A breath of fresh air by a four-minute miler

九月 22, 1995

If Andy Warhol was right that everyone is famous for 15 minutes, Roger Bannister might legitimately feel cheated. An eminent neurologist, co-author of a standard medical textbook and former Master of Pembroke College, Oxford, he is defined by three minutes 59.4 seconds on Iffley Road race track in Oxford in May 1954. Last week he hit the headlines again, when he told a gathering of scientists at the British Association that black athletes seemed to have natural anatomical or physiological advantages over their white counterparts.

It was a statement from a man who, in 1954 not only broke the four-minute mile barrier but also published his first research in the field of physiology.

By the end of 1954 Bannister had retired from the track and, newly qualified as a junior doctor, was working at St Mary's Hospital, London. His first publications, appearing in the Journal of Physiology, recounted work started in 1950 when he joined Oxford's Physiology Laboratory, having completed the pre-clinical stage of his medical training. He joined the human physiology group to study breathing during exercise.

"At that stage," he explains, "human physiology was regarded as rather exciting. The question of the regulation of breathing was a subtle, complex, problem involving the interaction of biochemistry and physiology." And Bannister, famously photographed gasping for breath at Iffley, had his own reasons for being interested.

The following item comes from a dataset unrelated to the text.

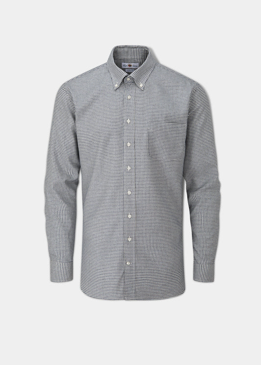 Camisa de hombre de algodón con botones y estampado de cuadros azules pequeños - Corte regular.
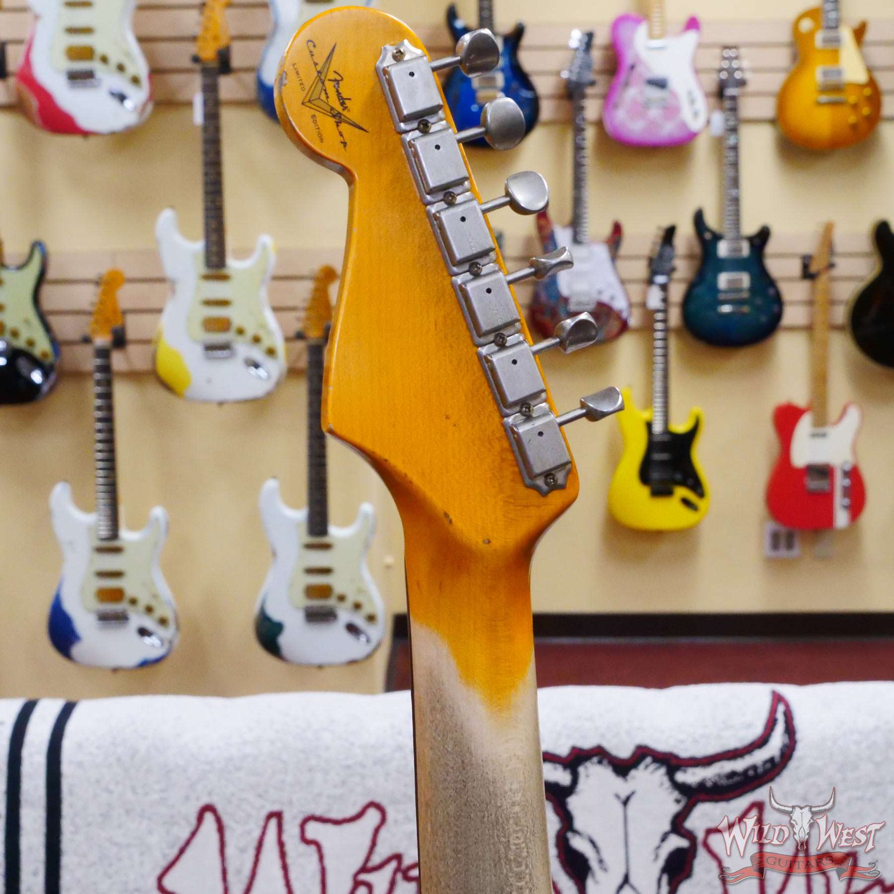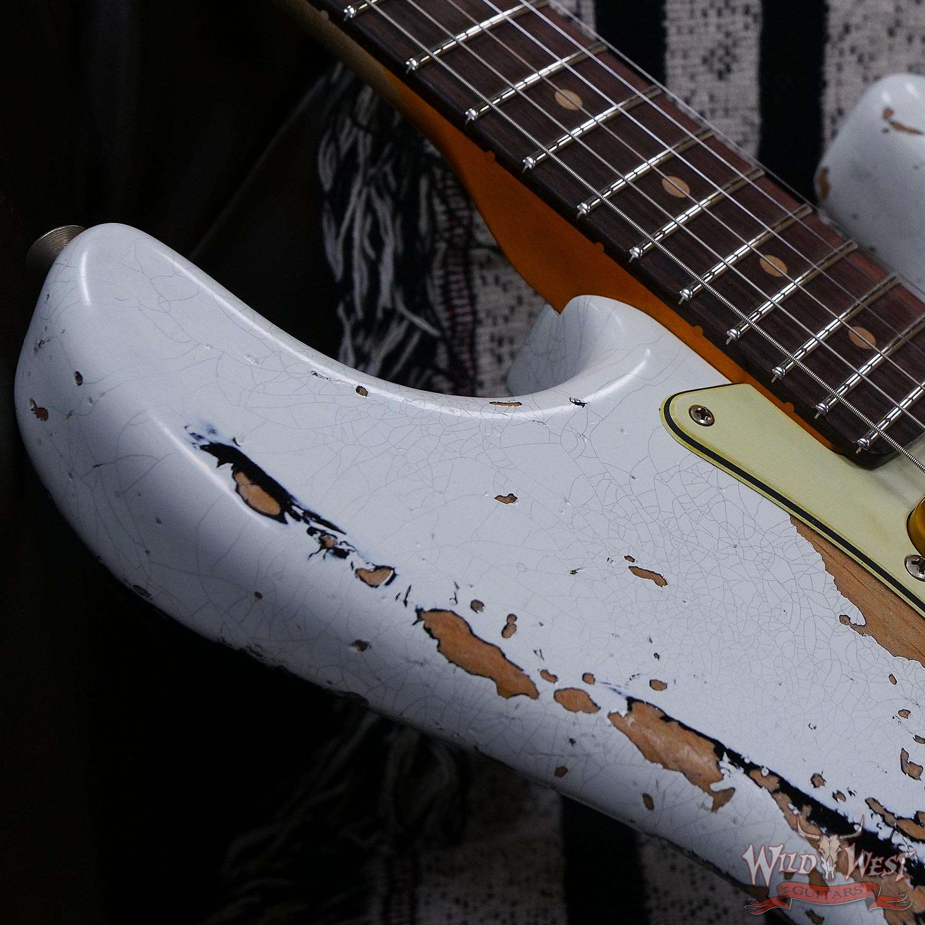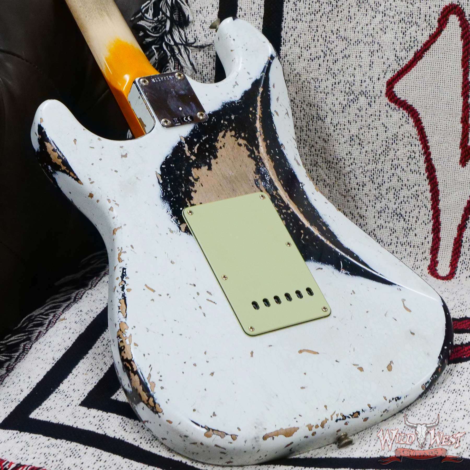 White Lightning Strikes The Dusty Plains of The Wild West! White Lightning rips all day n’ rocks all night with traditional Fender tremolo system firepower. The molten Wild West Fender Custom Shop Exclusive Heavy Relic Dirty Neck monster rules the rock n’ roll wastelands, packing a pair of Fat 50s relic single coils and a killer DiMarzio Tone Zone humbucker in the bridge position.

"Knowing that I was interested in neurology ultimately, I chose the question of how pH, carbon dioxide and oxygen regulate the depth and frequency of breathing - a classic problem. The first stage was to build a treadmill." This had to be made in the laboratory workshop. He also had a separate piece of apparatus for extracting carbon dioxide and oxygen. "This equipment for measuring the samples used mercury to push the gas in and out of the chamber. I can remember that I was in an enclosed space and that doing this manipulation involved great exposure to mercury vapour." In the days before mass spectrometry automated the procedures, each sample of gas took 20 minutes to analyse and it could take three days to complete the analyses for one experiment.

Alongside which, Bannister had his own training schedule. He was very organised. "I would fit my training into half or three quarters of an hour each day right through this period." It throws the histrionics of present day sham-amateurism into sharp relief.

The subjects on the treadmill included Bannister, his supervisor, the laboratory technician and Norris McWhirter, of Guinness Book of Records fame but then an international sprinter. However, fitness was not the prime requisite. "The observations that I was making were not related to athleticism, they were simply related to exercise." Bannister could adjust the gradient of the treadmill so that each of them reached exhaustion after a similar time. Then he started feeding them with different concentrations of oxygen to investigate the effect. Where they had been reaching breaking point after six/eight minutes, this time was doubled or more when he fed them air with 66 per cent oxygen, rather than the normal 21 per cent. The paper from these experiments (Journal of Physiology vol. 125, pp. 118-1) records drily that McWhirter "would have been prepared to run indefinitely had he not had to catch a train".

When Bannister switched to pure oxygen, however, their performance dropped. McWhirter, for example, ran for 23 minutes on 66 per cent oxygen without reaching his breaking point. With pure oxygen, he was exhausted after seventeen minutes. It was a result that Bannister could not fully explain although he suggests in the paper (co-authored by his supervisor, D. J. C. Cunningham) that it might be related to the circulation of blood around the brain: another link with his neurological interests.

But it had some practical consequences too: "It was a year or 18 months before Everest was climbed. The Everest team had not got any expert on breathing. They appointed a climber called Griffiths Pugh who came up to Oxford to learn the techniques which would later be useful on Everest. I also put, out of interest, one or two of the Everest team on the treadmill. I was very much struck by the fact that these climbers were unfit by athletics standards."

He went on to qualify as a neurologist, eventually becoming a consultant. "I developed a specialist interest in the autonomic nervous system and the regulation of blood pressure, which I think does go back to my early work in physiology." He has written a textbook on diseases of the autonomic nervous system, and took over the updating of Clinical Neurology in 1969. Their influence should last just a bit longer than 3 mins 59.4 secs.